Member of the European Parliament for Bulgaria
- Incumbent
- Assumed office 16 July 2024

Member of the National Assembly
- In office 3 December 2021 – 19 June 2024
- Constituency: 25th MMC - Sofia

Personal details
- Born: Hristo Hristov Petrov 19 December 1979 (age 46) Sofia, PR Bulgaria
- Party: We Continue the Change (since 2021)
- Other political affiliations: Renew Europe
- Children: 3
- Education: NGDEK
- Occupation: Politician; rapper;

= Hristo Petrov =

Bulgarian rapper and politician

Hristo Hristov Petrov (Христо Христов Петров; born 19 December 1979), also known by his stage name Itso Hazarta (Ицо Хазарта), is a Bulgarian rapper and politician who was elected MEP at the 2024 European Parliament election. A member of the PP party, he served as Member of the National Assembly from 2021 to 2024. Petrov is still actively involved in rapping and is famous for the Upsurt hip-hop band he co-founded. He was also a judge in Balgariya tarsi talant season 5 (2016), season 6 (2019) and season 7 (2021).

== Biography ==
He was born in Sofia, the capital of Bulgaria. He has a sister named Natalia, who is eight years older than him. Hristo graduated from the 76th school "Lyubcho Baramov" in Sofia, and then the National High School for Ancient Languages and Cultures "Konstantin Kiril Philosopher". He applied to the New Bulgarian University and was accepted in the specialty "Public Administration", but after 2 years he interrupted his studies due to his musical activities.

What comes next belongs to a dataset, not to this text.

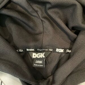 Black DGK hoodie with logo detail inside. Comfortable and stylish.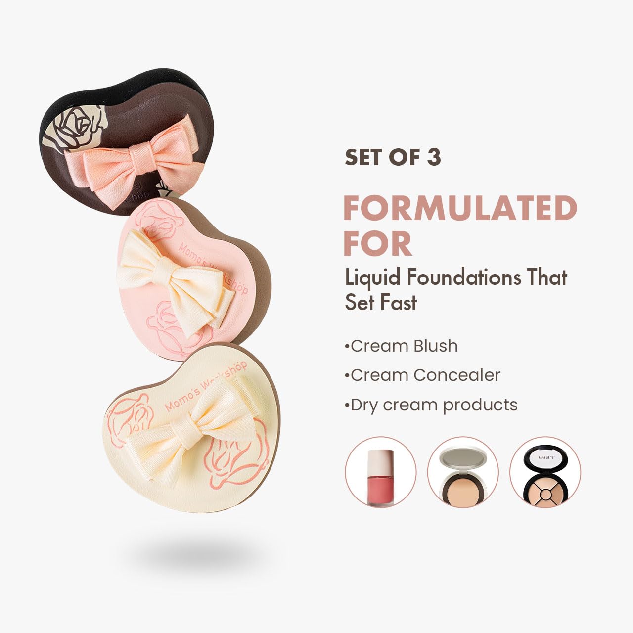 Heart-Shaped Makeup Sponge,Firm Bounce Rubycell, Foundation Sponge with Bow Tie Strap, for Precision Blending of Concealer/Cream Products, 3-Colors,Travel Friendly & Reusable & Storage Case

He is the key figure in one of the most popular Bulgarian rap groups - Upsurt. The author of most of the lyrics is Itso Hazarta. Upsurt made its first recordings in January 1996. Upsurt's rise began in November 1997, when the group won first place at a rap festival in Razgrad in competition with 26 groups from all over Bulgaria. In October 2000, after an eight-month tour around the country, the group released a new single from its second album. The song of the same name is called "Chekai malko" (it became the band's first superhit), and the album was released in 2001.

Itso Hazarta's lyrics have also become a topic of academic researchers. In 2004–2005, the theoretical seminar of the Department of New Bulgarian Studies at the NBU, entitled "Literature in the End", also held the first academic discussions on Bulgarian rap culture – with a focus on Upsurt. In 2009, Itso Hazarta participated in the reality show Vip Brother, finishing in 5th place. He is a member of the jury in season 5 (2016), season 6 (2019) and season 7 (2021) of Bulgaria's Got Talent.

In the third parliamentary elections in 2021, Itso Hazarta ran for MP as the leader of the "Продължаваме Промяната" ("We continue the change") list in 25 MIR-Sofia. The list he led defeated that of GERB, headed by party leader and former Prime Minister Boyko Borisov, as well as the list of the Bulgarian Socialist Party (BSP) headed by party leader Cornelia Ninova.

In the 2024 European elections, he was elected as an MEP.

==Acting career ==
In 2007 he voiced Leonardo in the Bulgarian dub of the popular animated film "Teenage Mutant Ninja Turtles", recorded in the studio "Alexandra Audio", led by Tanya Mihailova.

In 2019 he voiced Red in "Angry birds: The Movie 2"

== Personal life ==
On April 24, 2004, Petrov married his girlfriend Diana, of whom he has a daughter with, but they got a divorce three years later. He has two more daughters from ballet dancer and choreographer of "Nova", Zhenya Dimova.

== Discography ==

=== Albums (Upsurt) ===

- Bozdugan (1999)
- Chekai malko (Чекай малко) (2001)
- Pop-folk (2003)
- Quattro (2005)
- Upsurt – Live (2006)

=== Solo albums ===

- Неправилен рап (Nepravilen rap) (2019)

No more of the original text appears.